In the Kensington and British Museums are many examples of Champlevé enamels, both German and Limoges, such as book-covers, croziers, pricket candlesticks, châsses, chefs, reliquaries, paxes, crosses, and nuptial caskets, &c. Most of them have blue grounds, with light bluish-grey and dark blue or green ornaments, and are usually enamelled on copper. Some of the reliquaries or châsses have gilt figures in high relief. From the eleventh to the fourteenth centuries is the date of these enamels.

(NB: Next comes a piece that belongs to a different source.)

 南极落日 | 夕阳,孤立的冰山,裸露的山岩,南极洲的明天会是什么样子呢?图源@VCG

In the latter end of the thirteenth and in the fourteenth centuries enamels became simplified in execution; the figures were mostly incised and gilt, and the background a level coating of enamel—generally of a blue colour. (Fig. 100.)

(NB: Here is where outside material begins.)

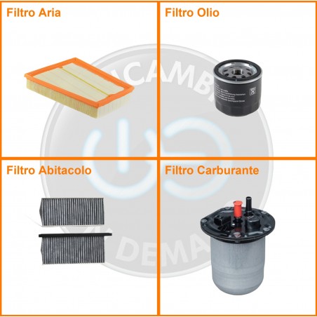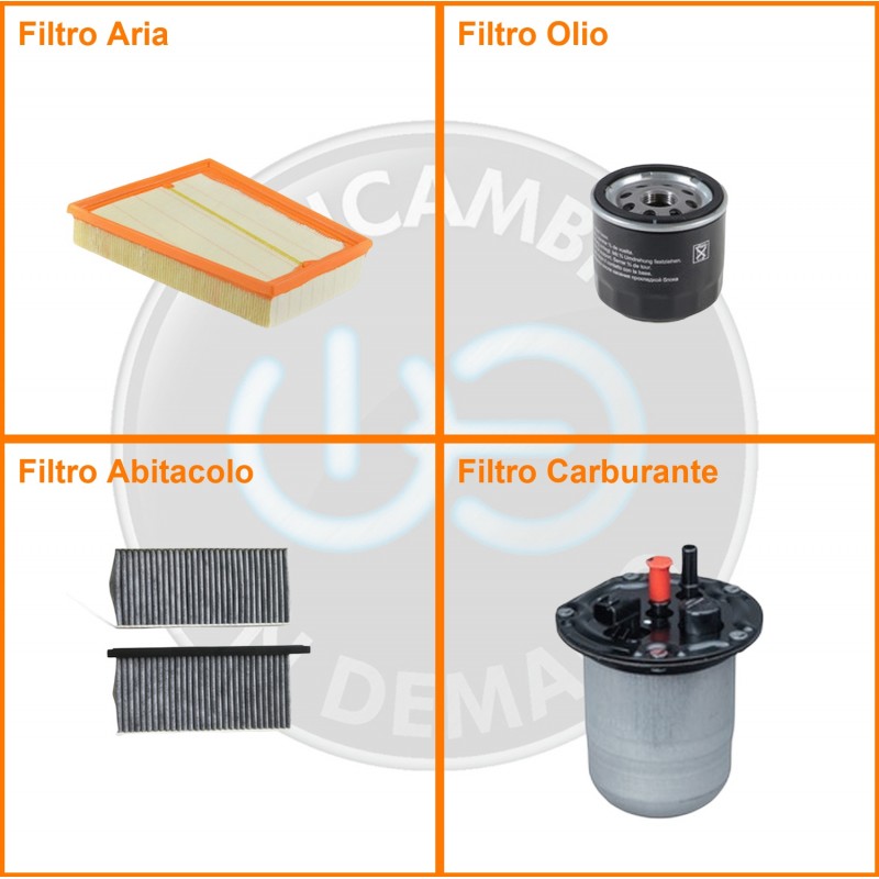 ComposizioneFiltro abitacolo ai carboni attivi, Filtro aria, Filtro gasolio, Filtro olio
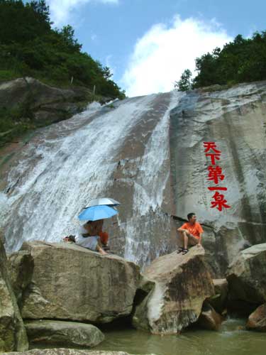 水簾洞瀑布源頭,在紫蓋峰的泉水。三支泉水匯集一起,流入水簾洞上方谷地。谷地闊三丈,原是梁朝的九位真人白日飛升的棲息之地,后建造九仙觀(guān)。九仙觀(guān)附近有太陽(yáng)泉、洗心泉、洞真源、仙人池等。相傳泉水深不可測(cè)。泉水從石壁上飛流直瀉,發(fā)出雷鳴般的聲音,聲傳十里。明朝張居正游此地后說(shuō):“瀑泉灑落,水簾數(shù)疊,掛于云際,垂如貫珠,霏如削玉”。確實(shí),它從絕壁上噴瀉下來(lái),寬達(dá)三太,高五十余米,瀉珠濺玉,仿佛一幅巨大的白布簾,在石壁當(dāng)中被亂石嶙巖擋住,然后再?gòu)氖p里屈曲折射,跳躍出來(lái),滿(mǎn)谷水花四濺,閃爍著晶瑩奪目的光彩。水簾絕壁下的碧潭,天上的云彩和兩邊的蒼翠的山巒,構(gòu)成一幅美麗的山水畫(huà)。明朝張居正作《水簾洞》一贊道:“誤疑瀛海翻瓊浪,莫擬銀河倒碧流;自是湘妃深隱處,水晶簾掛五去頭”。這首詩(shī)可說(shuō)是寫(xiě)出了水簾洞的光、聲、影三絕的奇景了。

Fig. 99 is a Limoges enamelled châsse or shrine of the twelfth century, and is in the British Museum.
The Italians did not make Champlevé enamels; but they worked in the Cloisonné process from the eleventh to the fifteenth centuries, as we know from examples, and from the work, “Diversarum Artium Schedula,” written by the learned monk Theophilus, in the twelfth century, wherein he describes very minutely the whole process of making Cloisonné enamels, according to the methods of the Tuscan enamellers of his time.
Fig. 99.—Châsse in Champlevé Enamel; Twelfth Century. (B.M.)
As regards the antiquity of the art of enamelling on metal, it is generally agreed by learned authorities in the matter that before the art was known at Constantinople or in the workshops of Greece, it was practised by the “barbarians” of Western Europe in the Gallo-Roman period. We apologize for quoting here the oft-repeated passage from Philostratus, the Greek who established himself at Rome in the early part of the third century at the request of the Empress Julia, wife of Septimus Severus. In his “Treatise upon Images” he says: “It is said that the barbarians living near the ocean pour colours upon heated brass, so that these adhere and become like stone, and preserve the design represented.”